1. An epoxy resin composition comprising: at least 50% by weight of inorganic fillers, a resin component comprising at least one epoxy resin, and a hardener component comprising an adduct AD that is obtained from a reaction of at least one novolak glycidyl ether containing an average of 2.5 to 4 epoxy groups per molecule with an amine mixture comprising bis(6-aminohexyl)amine and at least one amine A1 other than bis(6-aminohexyl)amine, the at least one amine A1 having at least one primary amino group.

2. The epoxy resin composition as claimed in claim 1, wherein the at least one novolak glycidyl ether is a phenol novolak glycidyl ether.

3. The epoxy resin composition as claimed in claim 1, wherein the amine mixture contains from 25% to 82% by weight of bis(6-aminohexyl)amine and from 15% to 75% by weight of the at least one amine A1.

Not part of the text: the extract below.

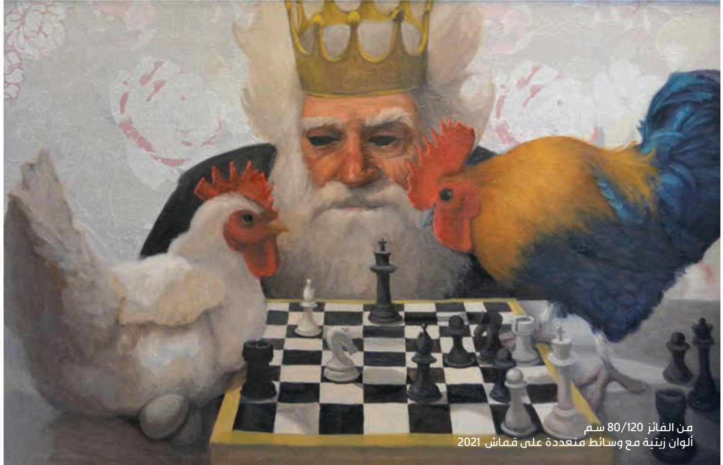
من الفائز 80/120 سم ألوان زيتية مع وسائط متعددة على قماش 2021

4. The epoxy resin composition as claimed in claim 3, wherein the amine mixture contains from 50% to 78% by weight of bis(6-aminohexyl)amine.

5. The epoxy resin composition as claimed in claim 3, wherein the amine mixture contains from 20% to 50% by weight of the at least one amine A1.

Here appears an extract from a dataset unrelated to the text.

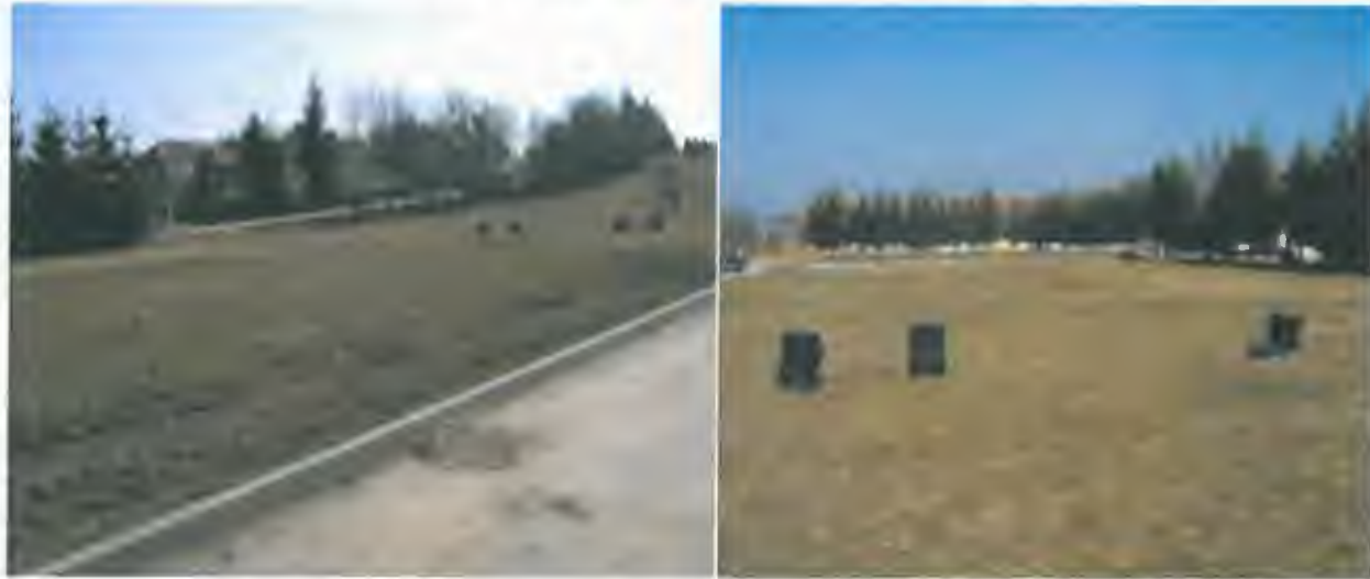
stav v r. 2012 – víceúčelové hřiště

6. The epoxy resin composition as claimed in claim 1, wherein the at least one amine A1 is selected from the group consisting of hexamethylene-1,6-diamine, higher oligomers of hexamethylene-1,6-diamine, 6-aminocapronitrile, and 6-aminocaproamide.

7. The epoxy resin composition as claimed in claim 1, wherein, in the reaction, the primary amino groups of the amine mixture are present in a stoichiometric excess over the epoxy groups of the at least one novolak glycidyl ether.

8. The epoxy resin composition as claimed in claim 1, wherein the amine mixture is initially charged and the at least one novolak glycidyl ether is mixed in, where the reaction is conducted at a temperature in a range of from 60 to 140 C. and without solvent or thinner.

9. The epoxy resin composition as claimed in claim 1, wherein the hardener further comprises at least one further amine A2 other than bis(6-aminohexyl)amine, the at least one further amine A2 having at least two amine hydrogens reactive toward epoxy groups per molecule.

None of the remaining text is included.